This is more of an elaboration of The Almighty Bob's answer:
It is true that if we start from a competitive market (i.e. large numbers of buyers and sellers), then granting market power to sellers (e.g. workers) by allowing the formation of a monopolistic cartel is bad for efficiency. Those sellers will use their market power to increase the price (and reduce the quantity traded), resulting in a deadweight loss. Thus, we tend to look suspiciously upon practices that create market power. Note that here, the policy intervention we have in mind is to break up the cartel and return us to a competitive world.
Why should the labour market be viewed differently? Part of the answer is that the relevant counterfactual has changed. Begin with a world without labour unions. The market will then typically not be competitive because there are often a small number of employers who themselves enjoy market power. Just as a monopolist seller can drive up the price, these monopsonistic (or oligopsonistic) buyers of labour can use their power to drive down the price.

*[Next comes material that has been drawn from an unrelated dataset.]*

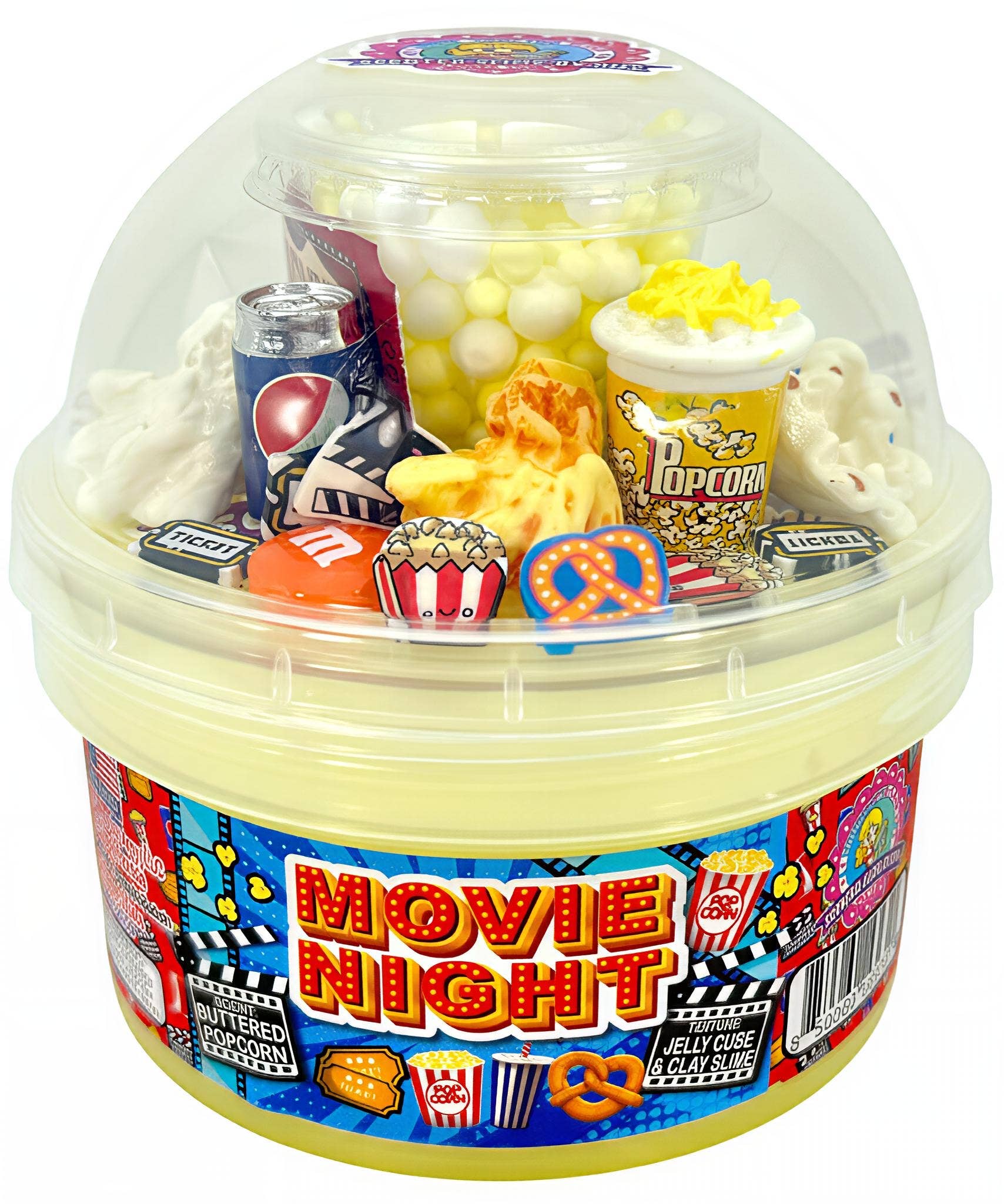Grab your snacks and get cozy with **Movie Night**! 🎬🍿 This fun jelly cube clay slime is scented just like hot, buttery popcorn fresh from the theater. Each dome is packed with adorable movie-themed charms like tiny popcorn pieces, a soda can, a popcorn bucket, mini candies, and even a cute little movie ticket, making it the perfect slime for any film lover’s collection! ✨

Now we are faced with the following policy problem:
How can we correct for employers' market power and restore wages toward the (higher) efficient level?
Two simple solutions come immediately to mind:
Reduce employer's market power by stimulating competition between employers. This is achieved, to some extent, by antitrust policy. But it's hard to do much more here short of forcing more businesses to hire more workers.
Allow workers to form unions so that both workers and employers have market power. If the firms try to use their power to drive wages down and the workers use it to drive them up then there is a sense in which the two will 'cancel out' and the result can be closer to the efficient wage than a market in which only employers have market power.
Whether the second solution indeed works or not depends upon a whole range of factors. Here are a few:
- If the employer side of the market is, in fact, quite competitive then the correction will likely be too big and we will end up with wages that are inefficiently high.
- If bargaining is very costly then it might be more efficient to have one side (e.g. the employers) unilaterally set the wage.
- If there is uncertainty about the wage that firms are willing to pay/workers are willing to accept then bargaining may inefficiently break down (see the Myerson-Satterthwaite Theorem).